А от него самого помощь была только одна – рассказать Роберу о том, что никто не был виноват в том, что доски в Доре оказались гнилушками. Несколько десятков людей вернулись с каторги живыми, но… Но даже это было сделано лишь благодаря Герарду – сам он далеко не сразу сообразил, что, выяснив правду, нужно спасать невиновных.
А ведь сложись все иначе, Придд мог стать ему хорошим другом. Если не обращать внимания на его постную рожу и ядовитый, едва ли не раздвоенный язык. Только вот сам Спрут вряд ли думает о нем то же самое. Спрут мог извиниться, мог признать, что был не прав, только все это лишь слова. С Вороном он говорил искренне, а с ним – соблюдал приличия. И с удовольствием развязал бы новую драку.
Теперь, остыв после вчерашнего, Дикон и сам понимал, что его слова можно было трактовать с точностью до наоборот – особенно если учесть, что Придд сам любит завуалированные шпильки и оскорбления под видом ледяной вежливости. И если учесть все то, что Дикон говорил ему прежде. Жаль, что вчера он настолько злился, что видел в любом действии Спрута лишь подлость и трусость – как раз этого там и в помине не было. Как не было подлости и трусости в том, чтобы поднять восстание и попытаться спасти Ворона.
„Подняться из глубин, поднять забрало,
Вздохнуть всей грудью, принимая бой
Как просто встать над смертью и судьбой ―
Подняться из глубин, поднять забрало,
Отдать долги и стать самим собой,
Не позабыв о тех, кого не стало
Подняться из глубин, поднять забрало,
Вздохнуть всей грудью, принимая бой .“
Тогда эти слова в оставленном Приддом письме показались Дикону бредом сошедшего с ума Спрута, а ведь Валентин был прав. Придд смог стать самим собой, а он… он смог только проснуться. Да и то лишь благодаря Алве. Но не говорить же Придду об этом сейчас?.. „Герцог, я сожалею о наших прежних разногласиях и надеюсь, что со временем мы сможем стать друзьями“. Глупо.

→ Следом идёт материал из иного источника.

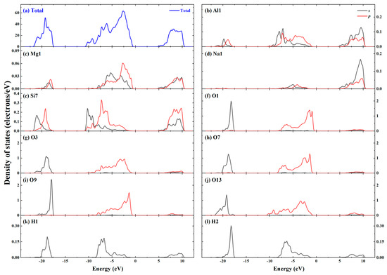 The total (a) and partial density (b–l) of states of Na-MMT at 19.92 GPa.

Да, Валентин тоже остался один, но с ним не поговоришь ни об отце, ни об Айрис, ни о младших сестрах… И уж тем более не поговоришь о том, каково было Валентину остаться одному. Он бы ответил что-то вроде „это не ваше дело, Окделл“, и дело с концом.
По большому счету, говорить можно только с Алвой и Герардом. Алва вечно занят, да и нелепо как-то постоянно навязываться ему со своими мыслями. С Герардом проще. С реем Кальперадо. С которым они почему-то до сих пор „на вы“. Ну да, предложить называть друг друга по имени должен был именно он, Герард бы этикет ни за что не нарушил…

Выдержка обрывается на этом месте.